The Chinese University of Hong Kong and Tencent have jointly launched a new technology framework, ControlMM, which brings a significant breakthrough to full-body motion generation. This technology supports multi-modal inputs such as text, speech, and music, enabling the generation of full-body motions that match the content.

image.png

Product Entry: https://top.aibase.com/tool/controlmm

The advent of ControlMM aims to address various challenges in full-body multi-modal motion generation controlled by text, speech, or music. These challenges include motion distribution drift across different generation scenarios, complex optimization of mixed conditions at varying granularities, and inconsistent motion formats in existing datasets.

To effectively tackle these challenges, researchers have proposed a series of innovative methods. Firstly, ControlMM-Attn is used for parallel modeling of static and dynamic human topology maps to efficiently learn and transfer motion knowledge across different motion distributions.

Secondly, ControlMM employs a coarse-to-fine training strategy, including Phase 1 text-to-motion pre-training for semantic generation, and Phase 2 multi-modal control adaptation for different low-level granular conditions.

Additionally, to address the limitation of inconsistent motion formats in existing benchmarks, ControlMM-Bench has been introduced. This is the first publicly available multi-modal full-body human motion generation benchmark based on a unified full-body SMPL-X format.

Through extensive experiments, ControlMM has demonstrated superior performance in various standard motion generation tasks, whether in Text-to-Motion, Speech-to-Gesture, or Music-to-Dance. Compared to baseline models, ControlMM shows significant advantages in controllability, sequentiality, and motion plausibility.
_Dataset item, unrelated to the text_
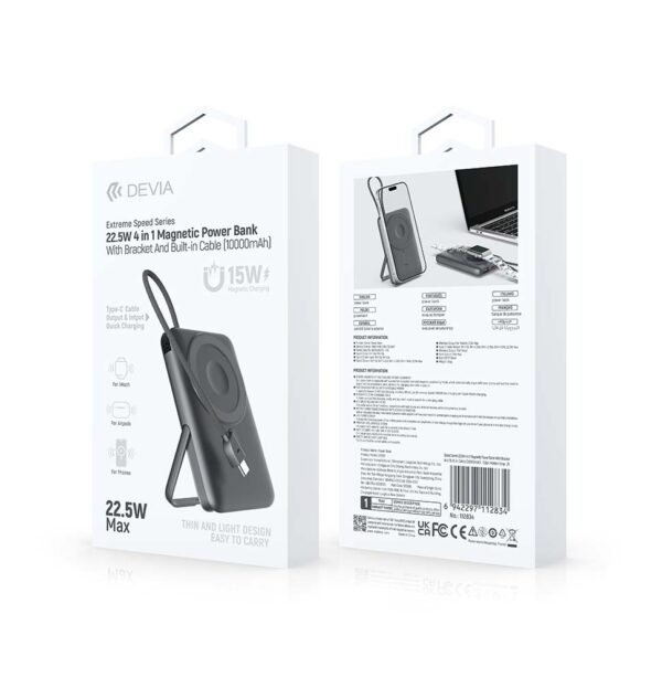 Power Bank Extreme Speed 22.5W 4σε1 Μαγνητικό με Στήριξη & Ενσωματομένο Καλώδιο (10000mAh) Devia
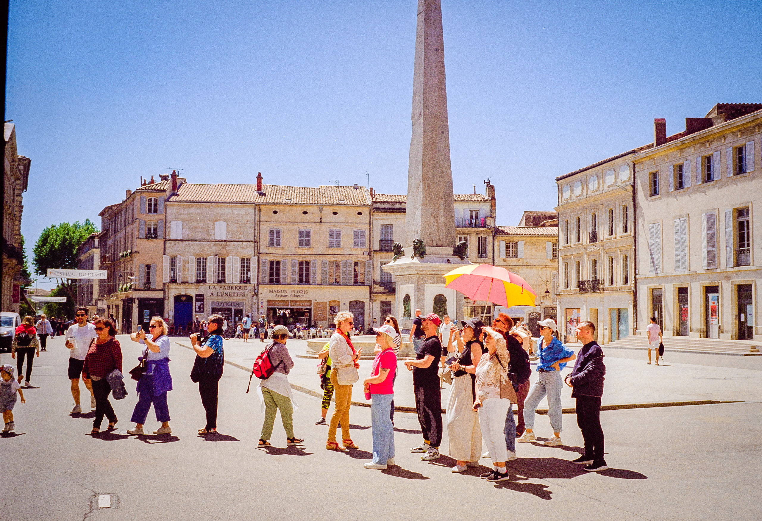 Bei der Durchsicht älterer Silbersalz-Scans für diesen Beitrag stiess ich auf die Fotos, die ich letztes Jahr im Mai in den Alpilles gemacht hatte. Sie waren nicht mal bearbeitet, ich hatte sie schlicht vergessen. Das sind Scans aus dem Apollon-Scanner und sie sind aus den Flat-Scans entwickelt. Hier eine Auswahl zur Demo, wie gut man daraus brauchbare Bilder machen konnte. Ach, und ein paar Fotos sind aus den Carrières des Lumières sind auch dabei, denn da ist mir was passiert, was man nur bei Leica schaffen kann: Ich hatte statt der M11-P die Leica M6 gegriffen und merkte das erst, als ich da war. Obendrein hatte ich in Erwartung von viel Licht einen Silbersalz 50D eingelegt. So hatte ich für Low-Light Fotos ganze 25 ASA zur Verfügung und kein Stativ, herzlichen Glückwunsch. Ich legte die Kamera auf, stellte den Belichtungsmesser der M6 auf 200 ASA, rechnete die Belichtungszeiten zwei Blenden zurück (meist zwischen 1 und 3 Sekunden) und belichtete mit einer Sekunde oder „B“ nach Gefühl. Hat irgendwie immer geklappt. Nur die Leute sind natürlich durchs Foto gelaufen…

Key Features of ControlMM:

1. **Multi-Modal Control**: ControlMM supports full-body motion generation through various modalities such as text, speech, and music, enhancing control capabilities and adaptability.

2. **Unified Framework**: Adopting a unified ControlMM framework integrates multiple motion generation tasks, improving generation efficiency.

3. **Stage-Based Training Strategy**: A coarse-to-fine training strategy is implemented, starting with text-to-motion pre-training and followed by adaptation to low-level control signals, ensuring effectiveness under different granular conditions.

4. **Efficient Motion Knowledge Learning**: The ControlMM-Attn module models dynamic and static human topology maps in parallel, optimizing motion sequence representation and enhancing the accuracy of motion generation.

5. **New Benchmark Introduction**: The introduction of ControlMM-Bench provides the first publicly available multi-modal full-body motion generation benchmark based on a unified SMPL-X format, aiding research and application in the field.

6. **Superior Generation Performance**: ControlMM demonstrates leading performance in standard motion generation tasks, including controllability, continuity, and motion plausibility.